Christoph Hellwig <[email protected]> writes:

> Instead of an architecture specific calling convention in common code
> just pass a flags argument with architecture specific values.

This bothers me because it makes all architectures pay for the sins of
x32. Further it starts burying the details of the what is happening in
architecture specific helpers. Hiding the fact that there is only
one niche architecture that does anything weird.

I am very sensitive to hiding away signal handling details right now
because way to much of the signal handling code got hidden in
architecture specific files and was quite buggy because as a result.

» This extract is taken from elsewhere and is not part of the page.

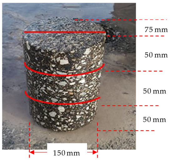 SCB tests were performed according to AASHTO TP 124 on the cores taken from US 34. As shown in Figure 3, samples for SCB testing were prepared by cutting the cores into semicircular specimens, each with a radius of 75 mm and a maximum thickness of 50 mm (with some samples thinner because field core samples have various thicknesses). A notch 15 mm long and 1.5 mm wide was made on the flat side of each semicircular specimen to induce cracking. All specimens were conditioned at 25 °C for 2 h before performing SCB testing.

My general sense is putting all of the weird details up front and center
in kernel/signal.c is the only way for this code will be looked at
and successfully maintained.

How about these patches to solve set_fs with binfmt_elf instead:

Eric W. Biederman (2):
signal: Factor copy_siginfo_to_external32 from copy_siginfo_to_user32
signal: Remove the set_fs in binfmt_elf.c:fill_siginfo_note

fs/binfmt_elf.c | 5 +----
fs/compat_binfmt_elf.c | 2 +-
include/linux/compat.h | 1 +
include/linux/signal.h | 7 +++++++
kernel/signal.c | 108 ++++++++++++++++++++++++++++++++++++++++++++++++++++++++++++++----------------------------------------------

Eric

2020-04-17 21:14:25

by Eric W. Biederman

[permalink] [raw]
Subject: [PATCH 2/2] signal: Remove the set_fs in binfmt_elf.c:fill_siginfo_note


The code in binfmt_elf.c is differnt from the rest of the code that
processes siginfo, as it sends siginfo from a kernel buffer to a file
rather than from kernel memory to userspace buffers. To remove it's
use of set_fs the code needs some different siginfo helpers.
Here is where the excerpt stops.